Alexa Web Search Platform Released
Philipp Lenssen writes "Amazon's Alexa is releasing their search index (the same that powers the Wayback Machine) to developers via their new Alexa Web Search Platform. The Alexa framework is not for the weak of heart -- expect to learn how to use their C API, and expect to pay micro-amounts for requests and CPU cycles used -- but it also seems to be more powerful than the rival APIs from Yahoo and Google."
Nothing they try to hide deep down in some obscure EULA or anything. Sure, it's about collecting data, but there's a difference between collecting data, and collecting data by spying. The former is about doing it visibly, the other trying to hide it.
Besides, technically speaking, I'm not sure one should call a business model or an online service "spyware" anyway, as it's usually a term used for client-side software often piggybacking on another tool, that secretly phones home by using an internet connection.
Beware: In C++, your friends can see your privates!
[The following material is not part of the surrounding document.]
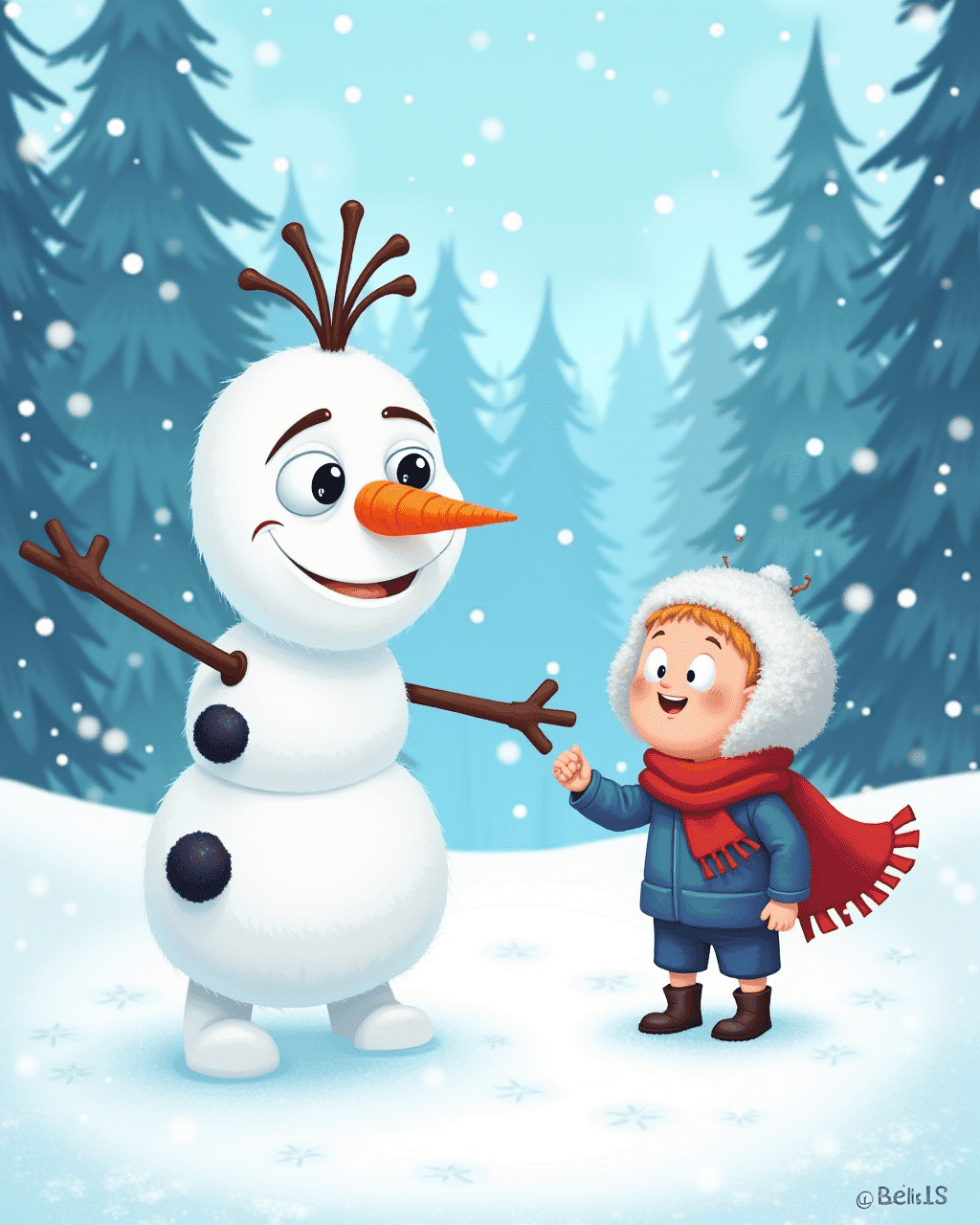In the forest, Finn met a grand snowman named Olaf. Olaf had a carrot nose and coal eyes that twinkled like stars. He asked Finn if he wanted a lesson on the importance of caring for friends. Finn laughed and accepted the idea, learning that kindness can melt even the hardest ice. Together, they built a snow fortress, feeling the thrill of teamwork.

The diffences are major. Google's API gives access to search results or allows you to execute searches that can already be done through a browser. With G's API you can build apps like Gizoogle and Google Rank Checker. Alexa's API goes beyond allowing users to execute search queries by giving up the content within the index. This is big news for anyone interested in building their own index or accessing content for other sites.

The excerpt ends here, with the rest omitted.